Rob Walker Biography

On his passport, under occupation, it read simply Gentleman, a description, a description to his many friends, one never more fitting. Someone once described him as “self-unemployed.” but never idle. Robert Ramsay Campbell Walker was born on August 14 1917. His father Campbell Walker was an heir to the Johnnie Walker whisky fortune, and his mother, Mary Marshal Ramsay, came from a family with business interests in tea and rubber trading. His father died in 1921, aged just 32, and his mother subsequently married the much older Sir Francis Eden Lacey, long-time secretary of the Marylebone Cricket Club; thus Rob and his older brother John grew up on the Sutton Veny estate near Warminster, Wiltshire, which his mother and stepfather had bought at the time of their marriage.

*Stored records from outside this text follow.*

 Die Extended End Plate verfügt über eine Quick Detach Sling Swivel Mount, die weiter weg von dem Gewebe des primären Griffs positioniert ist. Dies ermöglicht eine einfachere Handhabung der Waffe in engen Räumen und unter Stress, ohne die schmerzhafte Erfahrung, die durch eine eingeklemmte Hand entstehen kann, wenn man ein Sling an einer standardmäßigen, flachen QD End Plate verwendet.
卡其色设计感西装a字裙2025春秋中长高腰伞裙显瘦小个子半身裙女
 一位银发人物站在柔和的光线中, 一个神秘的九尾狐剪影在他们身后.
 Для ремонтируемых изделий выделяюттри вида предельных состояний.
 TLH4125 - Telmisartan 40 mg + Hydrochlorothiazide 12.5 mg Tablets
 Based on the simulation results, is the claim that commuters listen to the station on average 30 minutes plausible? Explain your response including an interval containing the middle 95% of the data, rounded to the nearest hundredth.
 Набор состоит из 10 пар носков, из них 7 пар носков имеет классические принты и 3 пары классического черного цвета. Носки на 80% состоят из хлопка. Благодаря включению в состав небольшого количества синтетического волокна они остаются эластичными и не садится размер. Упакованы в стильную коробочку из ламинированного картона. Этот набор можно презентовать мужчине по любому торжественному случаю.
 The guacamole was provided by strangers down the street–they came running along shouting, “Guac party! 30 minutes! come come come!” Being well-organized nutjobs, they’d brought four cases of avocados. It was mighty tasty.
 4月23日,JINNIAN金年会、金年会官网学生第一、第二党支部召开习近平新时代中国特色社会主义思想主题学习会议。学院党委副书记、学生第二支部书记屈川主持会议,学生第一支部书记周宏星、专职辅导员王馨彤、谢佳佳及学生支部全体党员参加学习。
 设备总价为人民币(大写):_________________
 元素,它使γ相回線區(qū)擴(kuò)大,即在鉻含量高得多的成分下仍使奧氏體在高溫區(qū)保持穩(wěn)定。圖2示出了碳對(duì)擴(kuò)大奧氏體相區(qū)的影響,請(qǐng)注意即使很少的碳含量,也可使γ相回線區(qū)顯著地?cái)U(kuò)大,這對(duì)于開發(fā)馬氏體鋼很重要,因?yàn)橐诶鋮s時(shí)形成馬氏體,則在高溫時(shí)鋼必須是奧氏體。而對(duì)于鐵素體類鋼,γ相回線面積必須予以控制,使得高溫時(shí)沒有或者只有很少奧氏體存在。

The main house had a hundred rooms, included several staff cottages and a 270-acre tenanted home farm but the feature most prized by young Walker was the long driveway.

Rob Walker at 11His fascination with fast cars stemmed from a visit, aged seven, to the 1924 Boulogne Grand Prix. The preliminary event was won by B. S. Marshall, whose wife happened to be seated in the grandstand beside young Walker; she explained every move to him. When he was 10 years old he persuaded his indulgent mother to buy him his first car, a Bullnose Morris, which due to his age he was limited to driving on their estates driveway. “We had a long drive at home of a mile or so, and my mother gave me the old Bullnose Morris for Christmas to keep me quiet,” Walker said in a television interview in the 1980s. “From that moment on, my life was dedicated to trying to break my record on the one-mile drive.” He had a pit manager too, in the form of the family’s ‘second chauffeur’, whose responsibilities largely revolved around teaching Walker how to drive and maintain cars, and to try and keep the spirited boy from doing himself mischief. Walker lived to reach college age without suffering any lasting harm.